Milius would go on to say that he preferred the final product to many of the other films shot from his scripts. “They didn’t restrain it or tone it down, they shot the script. The guy is just as obnoxious and full of hot air as he was in the script. Just as full of life and vitality too. He’s Evel Knievel! He wouldn’t take a dime off of anybody.”

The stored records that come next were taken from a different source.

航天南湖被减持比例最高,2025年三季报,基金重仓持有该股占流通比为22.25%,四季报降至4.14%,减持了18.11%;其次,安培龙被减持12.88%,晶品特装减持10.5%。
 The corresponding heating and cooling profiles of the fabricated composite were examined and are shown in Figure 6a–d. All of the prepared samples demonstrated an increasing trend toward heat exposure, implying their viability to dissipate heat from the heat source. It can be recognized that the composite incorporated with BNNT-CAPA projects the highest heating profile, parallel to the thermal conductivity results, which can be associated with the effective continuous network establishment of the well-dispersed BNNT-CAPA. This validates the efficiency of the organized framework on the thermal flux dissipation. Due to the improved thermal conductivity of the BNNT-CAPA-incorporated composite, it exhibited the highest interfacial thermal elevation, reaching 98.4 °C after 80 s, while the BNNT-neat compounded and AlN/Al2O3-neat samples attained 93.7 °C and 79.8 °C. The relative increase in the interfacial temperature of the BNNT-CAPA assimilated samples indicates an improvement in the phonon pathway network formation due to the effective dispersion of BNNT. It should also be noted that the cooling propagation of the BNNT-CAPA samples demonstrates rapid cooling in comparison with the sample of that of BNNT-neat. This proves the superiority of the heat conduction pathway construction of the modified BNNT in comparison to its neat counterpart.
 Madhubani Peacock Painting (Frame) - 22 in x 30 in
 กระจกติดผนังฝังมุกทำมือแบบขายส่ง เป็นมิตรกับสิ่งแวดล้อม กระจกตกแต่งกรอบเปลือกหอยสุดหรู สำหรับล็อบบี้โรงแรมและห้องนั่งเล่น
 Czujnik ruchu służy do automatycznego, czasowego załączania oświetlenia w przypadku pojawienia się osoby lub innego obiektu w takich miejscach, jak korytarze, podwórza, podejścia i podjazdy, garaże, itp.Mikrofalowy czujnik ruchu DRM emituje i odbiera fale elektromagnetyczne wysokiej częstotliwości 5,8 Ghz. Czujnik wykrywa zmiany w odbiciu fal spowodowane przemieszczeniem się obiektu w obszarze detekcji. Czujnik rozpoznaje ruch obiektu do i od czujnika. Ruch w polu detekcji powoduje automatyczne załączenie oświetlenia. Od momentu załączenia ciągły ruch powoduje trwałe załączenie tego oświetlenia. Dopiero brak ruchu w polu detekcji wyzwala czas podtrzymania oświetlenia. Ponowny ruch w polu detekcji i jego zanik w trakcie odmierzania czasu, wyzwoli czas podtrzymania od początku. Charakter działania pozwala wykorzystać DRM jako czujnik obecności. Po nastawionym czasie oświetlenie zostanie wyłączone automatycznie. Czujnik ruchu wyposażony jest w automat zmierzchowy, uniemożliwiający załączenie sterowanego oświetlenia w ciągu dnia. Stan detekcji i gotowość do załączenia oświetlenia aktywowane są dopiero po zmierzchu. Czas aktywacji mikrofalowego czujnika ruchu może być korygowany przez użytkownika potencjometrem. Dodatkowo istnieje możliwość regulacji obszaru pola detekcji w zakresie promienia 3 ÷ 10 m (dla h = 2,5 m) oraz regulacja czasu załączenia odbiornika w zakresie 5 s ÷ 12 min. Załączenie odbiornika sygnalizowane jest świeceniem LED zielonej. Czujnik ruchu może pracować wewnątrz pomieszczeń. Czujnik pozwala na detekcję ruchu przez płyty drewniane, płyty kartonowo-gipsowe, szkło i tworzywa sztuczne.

Hamilton would later tell Pop Entertainment, when asked about the film, “The thing about it is at that time Evel was not famous. When we made that movie he took a jump over the fountains and splattered. He had not become a Mattel toy at that time. I put a writer on it named John Milius – who later wrote Apocalypse Now. He was the best of the writers of that era. I got him to write the script for me. Then Milius made me read the script to Evel. I realized he was kind of a sociopath and was totally messed. Then all of sudden Evel started to adopt lines out of the movie for himself. So his persona in the movie became more of his persona in real life. He would have been every kid’s hero on one hand, but then he went and took that baseball bat and broke that guy’s legs and that finished his career in the toy business. Evel was very, very difficult and he was jealous of anybody that was gonna play him. He wanted to portray himself and he did go and make his own movie later on. He had a great perception of this warrior that he thought he was and that was good. Then he had this other side of himself where he’d turn on you in a minute. Success is something that you have earn. You have to have a humility for it, because it can leave you in a second. It may remember you but it can sure leave you. I think if you don’t get that and you don’t have gratitude for what you are and where you are it doesn’t come back and it goes away forever.”

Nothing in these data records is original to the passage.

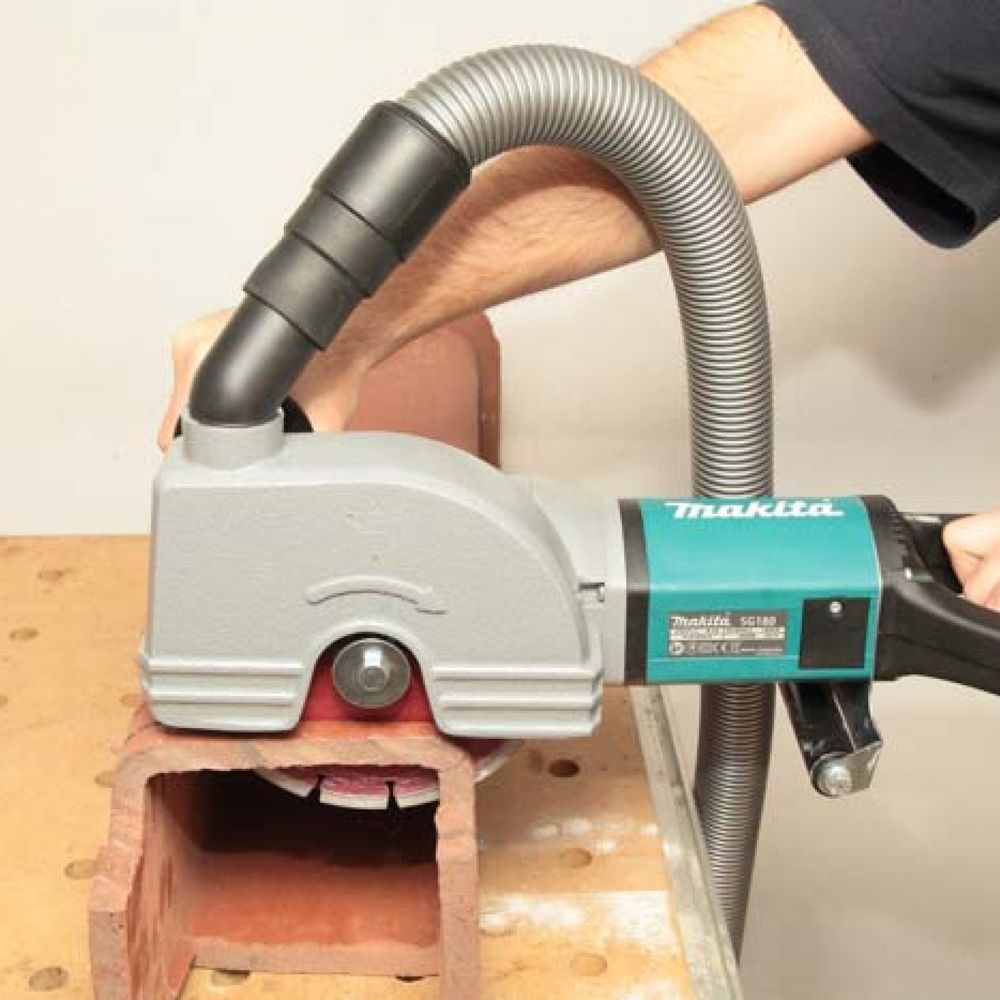 Профессиональный штроборез Makita SG180 способен формировать в бетоне или кирпичной кладке каналы глубиной до 6 см и шириной от 0,8 до 4,3 см. Принцип работы аналогичен используемым в «болгарках», только в нём устанавливается не один, а пара дисков с регулируемым расстоянием. В описываемой модели устанавливаются диски диаметром 18 см со стандартным посадочным отверстием 22,2 мм.
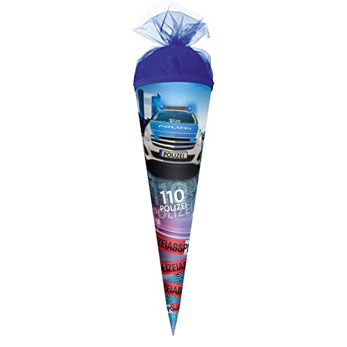 ROTH Geschenk-Schultüte klein Polizei 110" 22 cm - rund Tüllverschluss - Zuckertüte Schulanfang Polizei 110
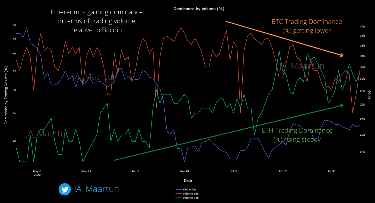@JA_Maartun nhận định rằng Ethereum đang đóng vai trò dẫn dắt thị trường. Nhận định này được rút ra từ quan sát sau.

Evel Knievel ends with our hero successfully making a jump at the Ontario Motor Speedway and driving to a dirt road that leads to the Grand Canyon — which is about 456 miles if you take I-40. Again, he looks right at the camera and says, “Important people in this country, celebrities like myself — Elvis, Frank Sinatra, John Wayne — we have a responsibility. There are millions of people that look at our lives and it gives theirs some meaning. People come out from their jobs, most of which are meaningless to them, and they watch me jump 20 cars, maybe get splattered. It means something to them. They jump right alongside of me — they take the bars in their hands, and for one split second, they’re all daredevils. I am the last gladiator in the new Rome. I go into the arena and I compete against destruction and I win. And next week, I go out there and I do it again. And this time — civilization being what it is and all — we have very little choice about our life. The only thing really left to us is a choice about our death. And mine will be — glorious.”

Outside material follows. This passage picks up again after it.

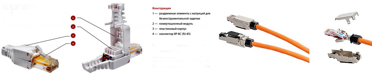 Существуют коннекторы для которых клещи не нужны. Здесь необходимо просто пальцами хорошо нажать и все. Правда, цена на такой штекер совсем не маленькая. Поэтому стоим задуматься, стоит ли оно того. Принцип обжатия прост, каждую жилу заводим сверху в пазы, после того как все провода уложите, закройте плотно обе половинки корпуса. Производит такие коннекторы фирма «Nikomax», а в России «СУПР».
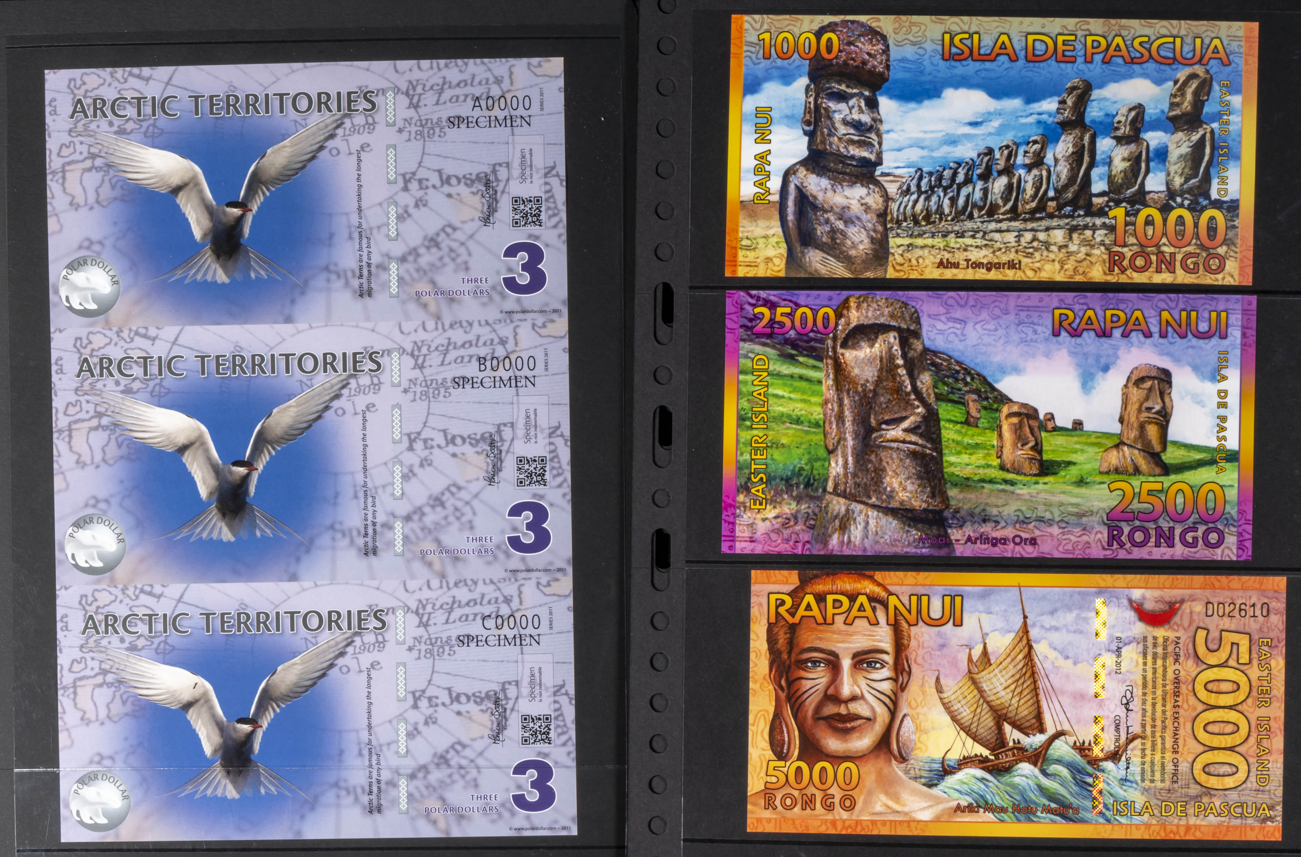 Set of 29 banknotes from Antartica, Artic, Atlantic, Galapagos Islands and Rapa Nui, all uncirculated. TO EXAMINE.

Sue Lyon, who debuted as Lolita in the film of the same name, plays Evel’s woman. She’d go on to be in all manner of movies that I could go on for hours about like End of the World and Alligator.

George Hamilton seems as far from the real Evel as you can get. But he was a carnie too, as Milius related that Hamilton was “A great con-man, that’s what he really is. He always said, “I’ll be remembered as a third-rate actor when in fact, I’m a first-rate con man.””

Evel made one more movie. You should watch it: Viva Knievel!

You can watch this on Tubi or download it on the Internet Archive.